*WORK ORDER*
Instruction for the listing below: copy exactly, and only, the lines from the one holding "Неделя моды в Париже, октябрь" through its last line, omitting any picture.

*MATERIAL PROVIDED*
----

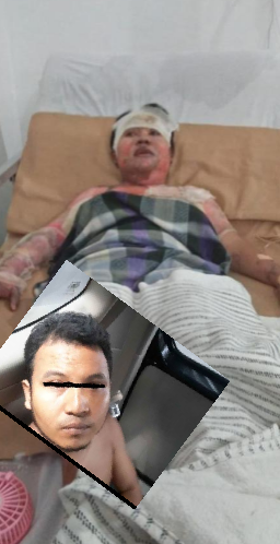 Korban yang dibakar suaminya saat mendapat perawatan medis di rsu dan tersangka pelaku pembakaran. |
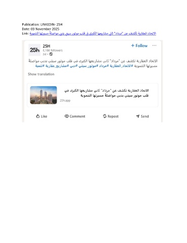 Publication: LINKEDIN- 25H Date: 03 November 2025 ً Link: ةيومنتلا اهت ر بسم ةلصاوم ندب تيس روتوم بلق ف ى ر بكلا اهعيراشم ناث "دادرم" نع فشكت ةيراقعلا داحتلاا ي ي ي ر ي
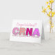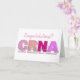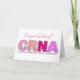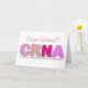 Tarjeta de felicitación para anestesista enfermera (CRNA) "Felicidades". Los colores de las letras son tonos de rosa con una tira de ritmo cardíaco en el medio de las letras.
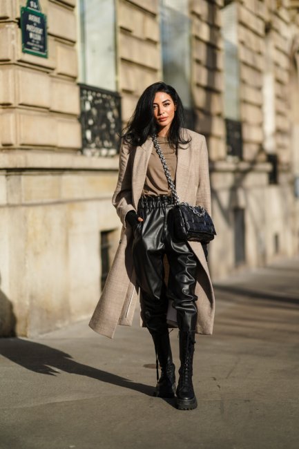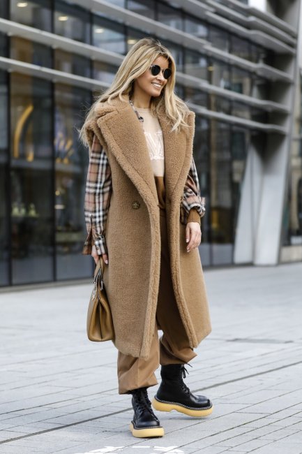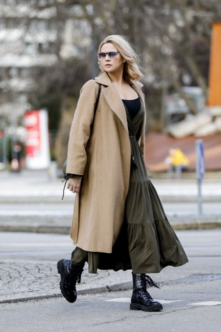 Неделя моды в Париже, октябрь 2020 годаНеделя моды в Стокгольме, февраль 2021 годаС армейскими ботинкамиВысокие ботинки в армейском стиле никогда не покидали модные радары, но в этом году вернулись в тренды с новой силой. Они и станут лучшей обувной партией для классического бежевого пальто длины миди или макси. Такое комбо как нельзя лучше передаст тонкую игру на контрастах - стильная смесь гранжа и элегантности.
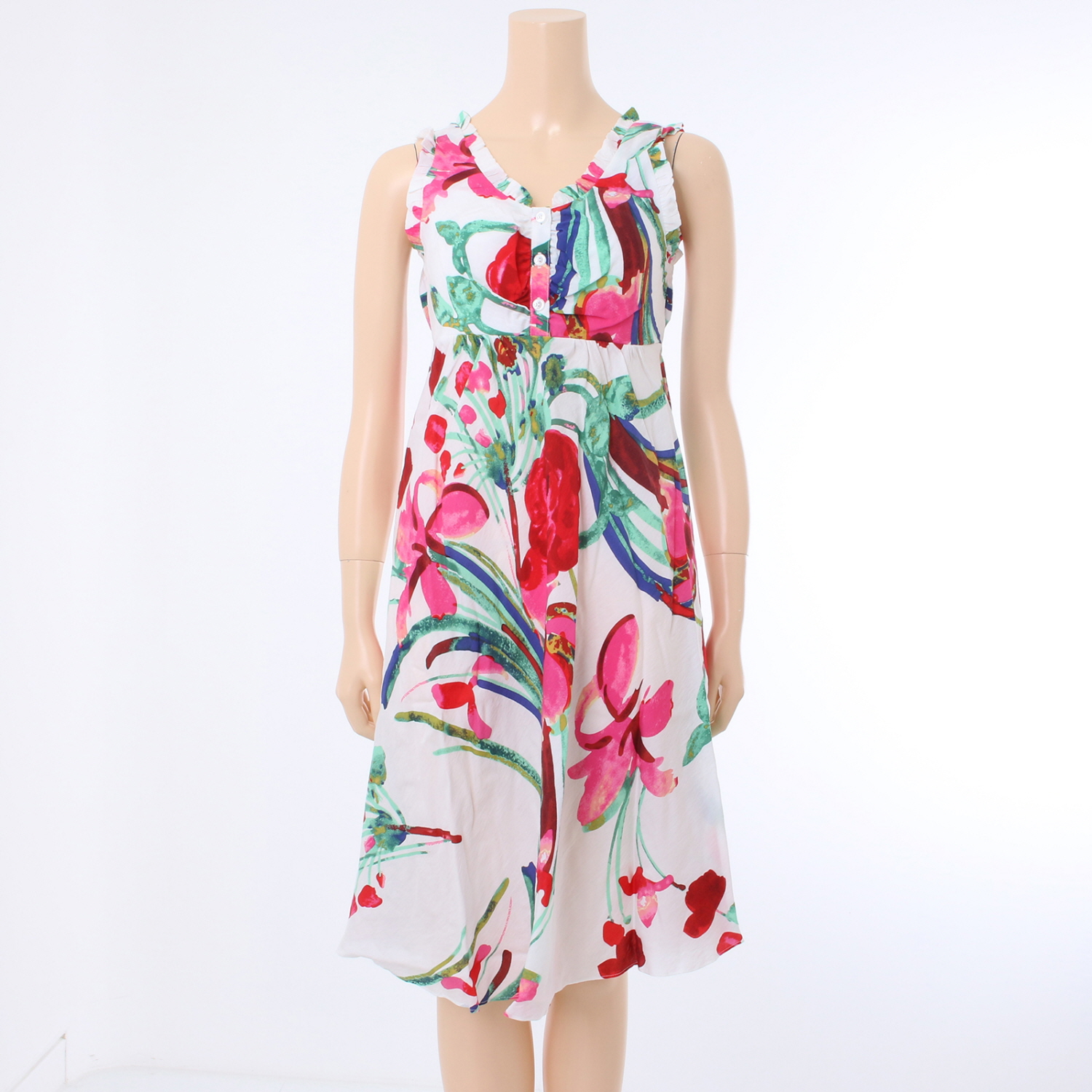 흰바탕에 붉은 꽃프린트로 화사하고

----

*YOUR RESPONSE*
 Неделя моды в Париже, октябрь 2020 годаНеделя моды в Стокгольме, февраль 2021 годаС армейскими ботинкамиВысокие ботинки в армейском стиле никогда не покидали модные радары, но в этом году вернулись в тренды с новой силой. Они и станут лучшей обувной партией для классического бежевого пальто длины миди или макси. Такое комбо как нельзя лучше передаст тонкую игру на контрастах - стильная смесь гранжа и элегантности.
 흰바탕에 붉은 꽃프린트로 화사하고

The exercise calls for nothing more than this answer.